Thank you for that warm welcome in this place that isn’t always so warm. But you’re right, I am a Saskatchewan boy, like your premier, and he and I always run into each other at Riders games, actually, cheering for the Saskatchewan Roughriders. He grew up, I think, in Yorkton, and me not too far away in southern Saskatchewan. So we’re used to cold climate.
But it’s great to be here. Thank you very much for the wonderful welcome here at Yukon College, Dr. Barnes, to you and your board, your faculty, staff and of course the future of the Yukon, your students. Great to have just briefly met with some of those involved in some of your training programs that you administer here at Yukon College, preparing people for a bright future of opportunity in a land of opportunity.
And you know, it’s been said often that northwest Canada is the newest part of the New World, and if that’s true, it’s most true of Yukon. This is a place with a limitless future, and it’s so exciting to see just the little signs of that in my brief time here already. Getting off the airplane yesterday, I heard, for me, the familiar sounds of Tagalog with new members of the Filipino community joining you to make Yukon their new home. And I can see the growing diversity here as newcomers arrive. I went to breakfast this morning to the wonderful sounds of Latin salsa music at a restaurant being run by a recent arrival from Costa Rica. So I said this is the sound of diversity of growth, of energy that we are seeing and feeling all around us in these amazing days in this territory.

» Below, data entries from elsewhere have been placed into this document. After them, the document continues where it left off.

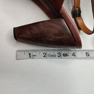 Coclico Anthropologie 'Fito' Brown Leather Fringe Peep Toe Sandals Size 36. In excellent used condition with just a few signs of wear; shows general wear on the soles. The heels have genuine leather uppers. They feature an adjustable ankle strap with brass tone hardware & a fringe front. The heels sport a chunky wooden cone heel that is wider on the top and tapers towards the bottom/base. They have a slightly squared off almond toe box. The Insole layer is presenting slight lifting (can be seen in the last image). The heels have an approximate heel height of 4.5”.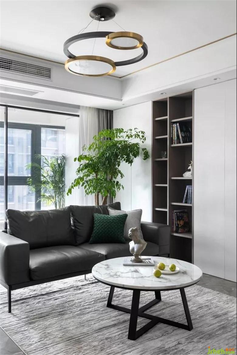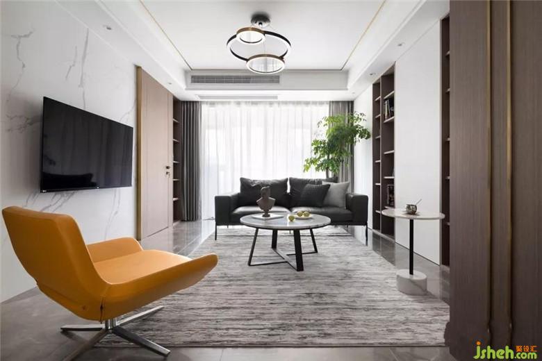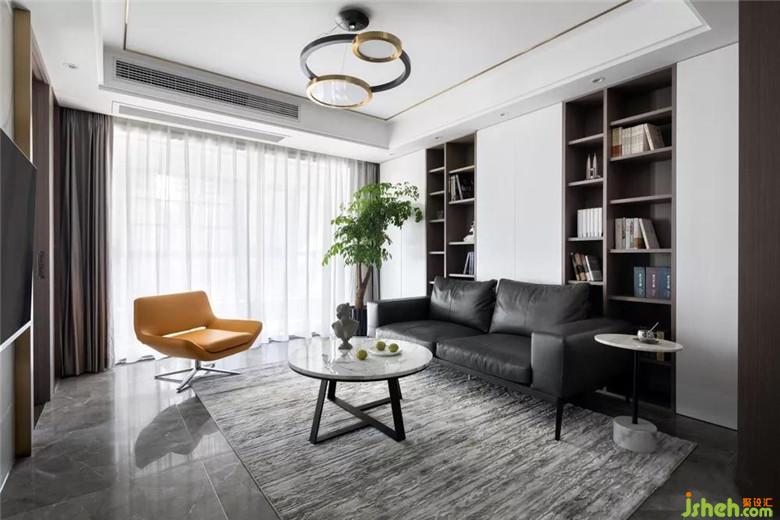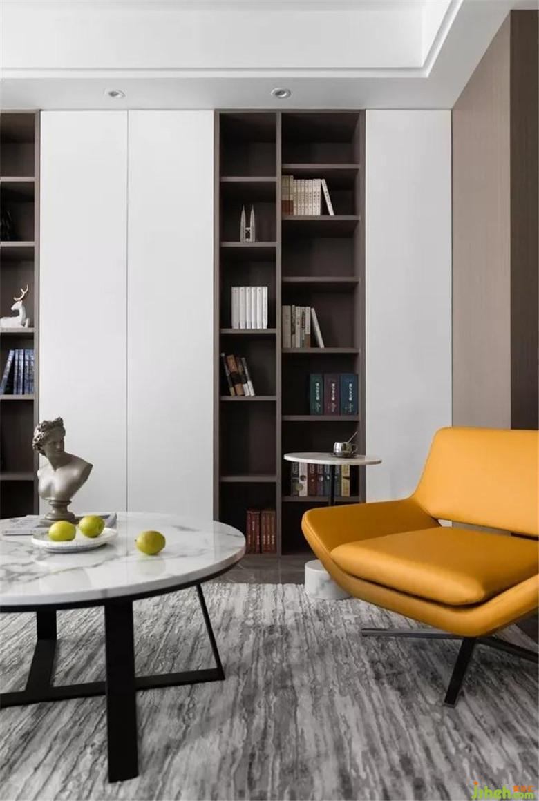本案客廳對(duì)坐式的格局滿足了屋主對(duì)于互動(dòng)交流以及閱讀收納的需求,同時(shí)考慮到收納及清理的便捷性,客廳正面柜體采用了柜體封閉與展示交錯(cuò)的設(shè)計(jì),豎向的線條拉伸了空間,使之顯得高挑
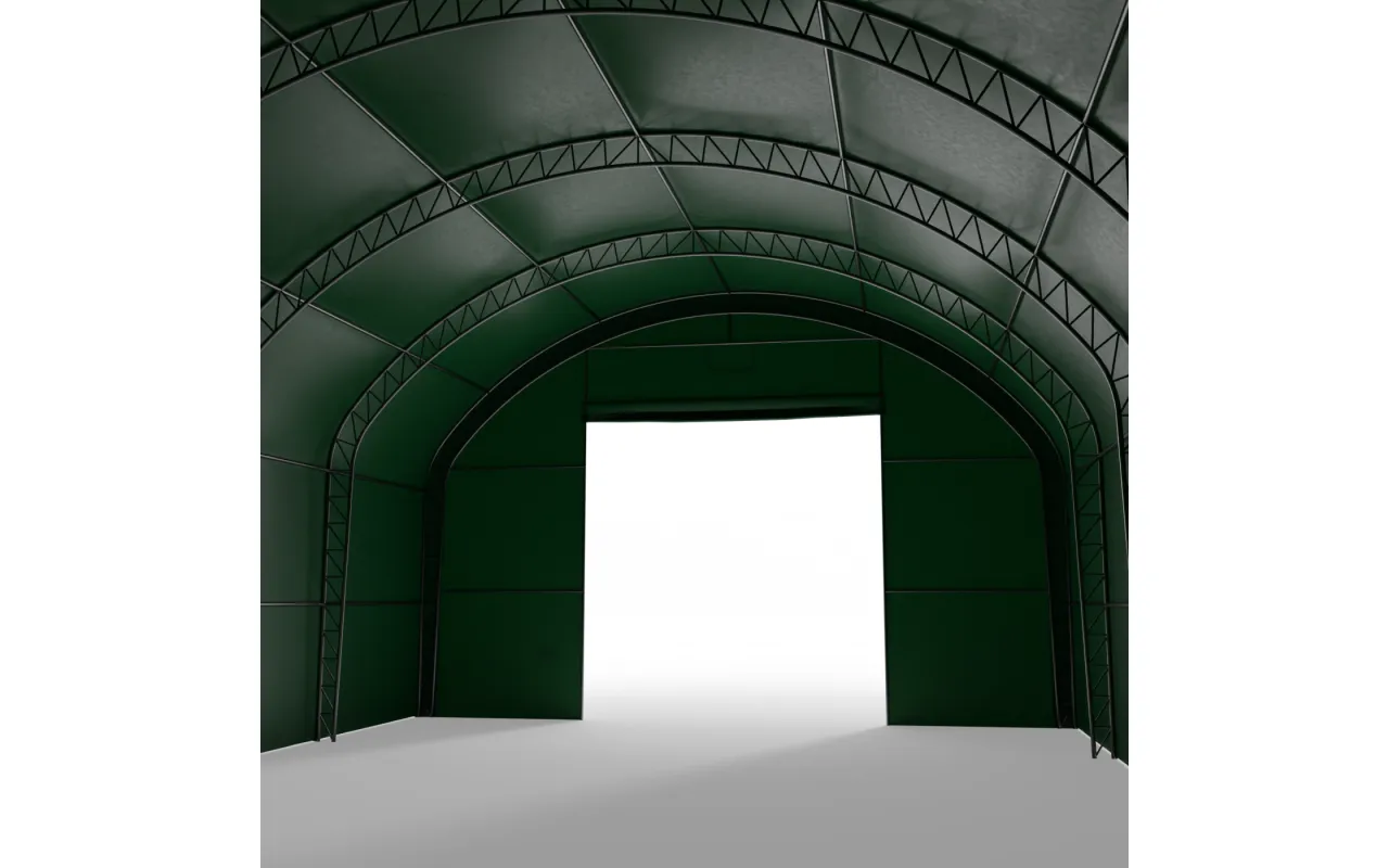 Plachtová hala se svislými bočními stěnami 12,2x18,3 m PVC 750 g/m² v zeleném provedení využívá ocelový rám v uspořádání dvoubodové příhradové konstrukce, který zvyšuje tuhost celku a usnadňuje bezpečný provoz v proměnlivých povětrnostních podmínkách. Plášť z PVC plachty dostupný ve variantě 750 g/m² (standardní) nebo 900 g/m² (zesílené) zajišťuje odolnost vůči dešti, sněhu, větru i UV záření. Hala je vybavena mechanickou bránou ovládanou ručně, bez automatizace, což zjednodušuje používání a snižuje riziko poruch. Rozměr brány (šířka × výška): 6,1 x 4,5 m – parametr umožňuje přizpůsobit vjezd strojům a vozidlům používaným v provozu.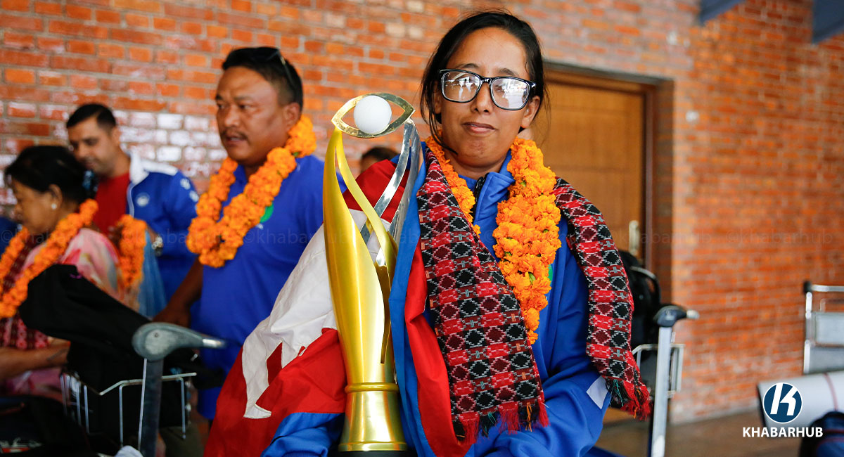 काठमाडौं– नेत्रहीन महिला टी–२० विश्वकप क्रिकेट २०२५ की उप–विजेता नेपाली टोलीको त्रिभुवन अन्तर्राष्ट्रिय विमानस्थलमा स्वागत गरिएको छ । श्रीलंकाको कोलम्बोमा भएको ‘पहिलो दृष्टिविहीन महिला टी-२० विश्वकप क्रिकेट २०२५’ को फाइनलमा नेपाल भारतसँग पराजित भएको थियो । तस्बिर : नेपाल फोटो लाइब्रेरी ।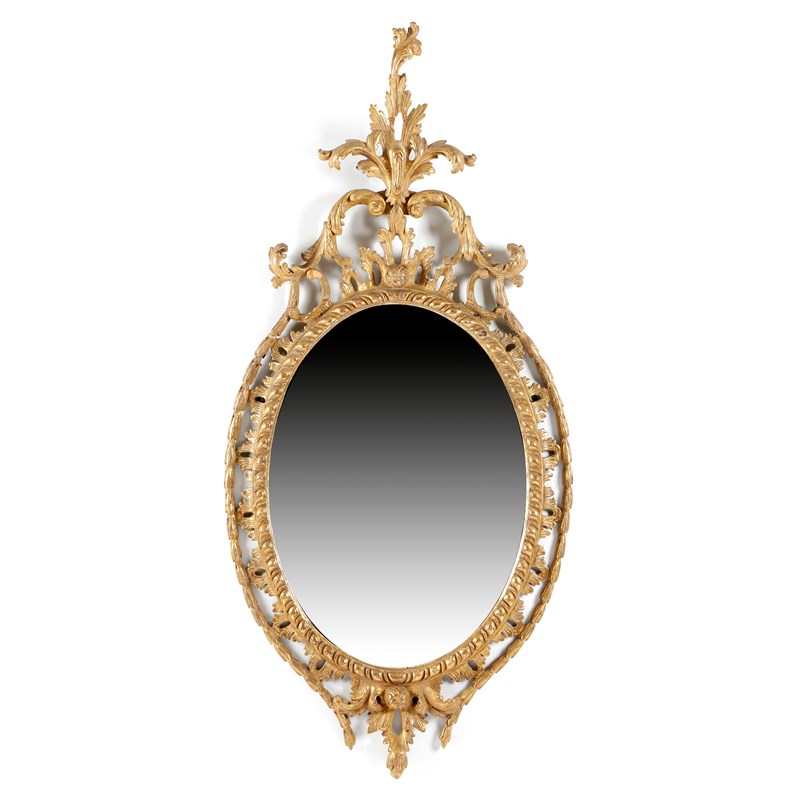 A GEORGE III GILTWOOD WALL MIRROR C.1770 the later oval plate within a gadrooned inner frame and...

So I’m just so delighted to be here. And the future looks bright for those fortunate enough to call this place home. Especially with all the major mining developments that you know about, the economic outlook for all of the territories—the NWT, Nunavut and Yukon—is exciting, with significant income growth and job creation expected over the next several years.
In fact, economic growth in the territories is expected this year and for the foreseeable future to outstrip growth in the rest of Canada, in southern Canada. This territory’s economy, in particular, is forecast to grow this year by nearly six percent, which is phenomenal if indeed that is realized.
Mining and Yukon of course are synonymous. The Yukon Chamber of Mines has grown from 12 members in 1943, when it was founded, to more than 400 members now. According the Chamber, as recently as five years ago, mining exploration in the territory was worth about 30 to 40 million dollars, but last year the territory had $320 million invested in exploration, nearly a tenfold increase. An increasing number of people who immigrate to the Yukon as well do so because of the opportunities in mining and all of the secondary and tertiary benefits that presents.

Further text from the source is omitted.